Thompson has operated as the team’s general manager since 2005 and has been with the team through two stints since 1992. In his first NFL Draft, Thompson selected Aaron Rodgers with the 24th overall pick. Green Bay has been among the best teams in the draft since Thompson’s arrival, plucking stars like Clay Matthews and Jordy Nelson. Under Thompson’s watch, the team advanced to the playoffs nine times and won the Super Bowl in 2010. The Packers missed the postseason for the first time since 2008 when it finished 7-9 in 2017. He is expected to take on a new role in the organization, and director of college scouting Brian Gutekunst, director of football operations Eliot Wolf and vice president of football administration/player finance Russ Ball are all expected to vie for the general manager position.
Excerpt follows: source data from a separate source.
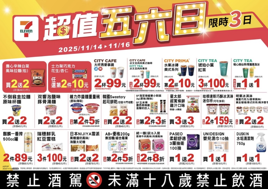 7-11週末超值五六日週末優惠開跑!咖啡茶飲買一送一、第二杯10元、兩杯99元等多元優惠,11月14日飯糰2個50元,另有咖啡分享季11杯咖啡優惠寄杯組合價,活動至11月21日止,連同本週週末優惠一起把握起來!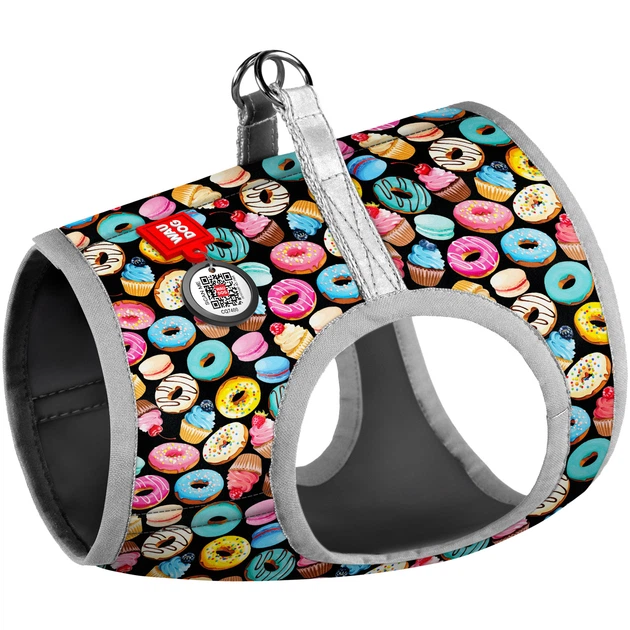 Шлея для собак м’яка WAUDOG Clothes з QR паспортом, малюнок "Пончики", розмір XS4 (2910)
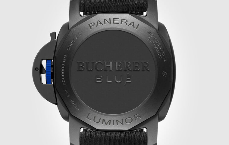 PAM01176的實底蓋也是一片黑,不過考量到有些佩戴者皮膚比較敏感,因此底蓋材質並非陶瓷而是親膚性佳的鍍黑鈦金屬,底蓋與一般Luminor GMT也有所不同,因為上面鐫刻的字樣為”BUCHERER BLUE”,低調地呼應手錶限量288只的特殊收藏價值。

While Joseph was rumored to only last one season as Broncos head coach, at the last minute team president John Elway decided to keep him but gut his current coaching staff. Offensive line coach Jeff Davidson, wide receivers coach Tyke Tolbert, running backs coach Eric Studesville, assistant defensive backs coach Johnnie Lynn, outside linebackers coach Fred Pagac, and special teams coordinator Brock Olivo were all let go on Monday.
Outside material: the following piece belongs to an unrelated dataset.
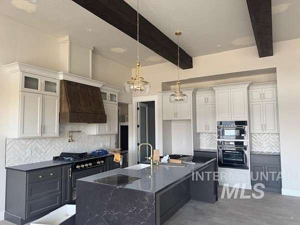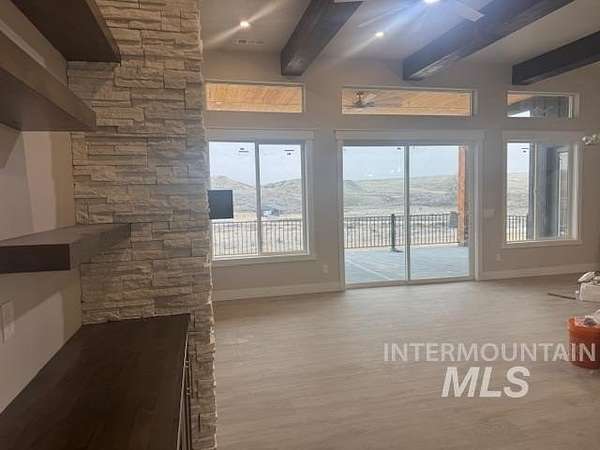 Home is not quite finished yet but come take a look! This stand out home on 4+ acres has so much detail inside & out. On the main level there are 4 bedrooms, 2.5 bathrooms, fully rocked fireplace with floating shelves & cabinets, wood beams in the vaulted ceiling, atrium windows, & a glass door to the large covered deck. The kitchen has a waterfall style granite island, pot filler over the gas range, and a huge butlers pantry. This home is so classy with champagne bronze fixtures through out, LVP in main areas and tile bathrooms with walk in shower in primary. On the lower level there are two more bedrooms, full bathroom, large storage room and a family room with stamped concrete floors and a walk out door to the oversized concrete patio and a firepit a few steps away. Plenty of room to add a shop.

A former Browns and Panthers offensive coordinator, Davidson will be on the move for a third straight offseason. He coached the Chargers’ O-line in 2016 under Mike McCoy, who also coached alongside Davidson in Carolina. The Broncos firing McCoy did not bode well for Davidson. The Broncos have not deployed a particularly good offensive line over the past three seasons. The unit’s undergone frequent changes in that span. Denver could well be searching for a new right tackle for the fifth straight season and may be in the market for a new left guard.
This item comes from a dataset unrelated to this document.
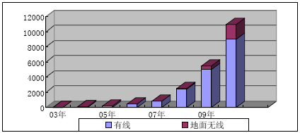 2008-2010年,数字电视出现“井喷”。数字化设备市场热点以地面无线广播系统为主。

Studesville was the Broncos’ longest-tenured assistant and was the team’s interim coach after Josh McDaniels‘ tenure ended late in the 2010 season. Tolbert served as wideouts coach since the ’11 campaign, joining when John Fox‘s tenure began. Studesville declined an interview for the Jets’ OC vacancy last year and was fired despite the Broncos’ rushing attack climbing from the No. 27 to No. 12 between 2016 and ’17. This season marked the first since 2011 the Broncos didn’t have a 1,000-yard receiver. Studesville is already on several team’s short list to be their head coach, including the New York Giants.

Davidson and Olivo had been hired by Joseph last year. Tolbert was one of the Broncos’ most-tenured assistant coaches, having been on Fox’s first staff in Denver in 2011 as both Tolbert and Studesville were on the Broncos’ staff for Super Bowl XLVIII and Super Bowl 50. The changes reflect at least some of the struggles the Broncos had on offense as well as special teams that were the major catalysts in an eight-game losing streak this season, the team’s longest since 1967. Anderson, however, was one of nine running backs in the league to top 1,000 yards, something Anderson credited Studesville with since it was Studesville who helped Anderson retool his offseason workouts to include cycling.

The Broncos’ special teams were also a consistent problem all season, as opponents blocked two punts, kicker Brandon McManus missed eight field goals as five of those misses came in the first six weeks of the season, and wide receiver Isaiah McKenzie was demoted twice as the team’s punt returner because of fumbling problems. McKenzie muffed six punts this season. Olivo was in his first season as an NFL coordinator and before Joseph had hired him he had spent three seasons as an assistant to Kansas City Chiefs special teams coordinator Dave Toub. Toub, who interviewed for the Broncos’ head coaching job when Joseph was hired, is generally regarded as the top special teams coach in the league. The Broncos lost their season-finale to the Chiefs Sunday and just days before the loss Olivo had talked about facing his mentor after such a difficult season on special teams for the Broncos.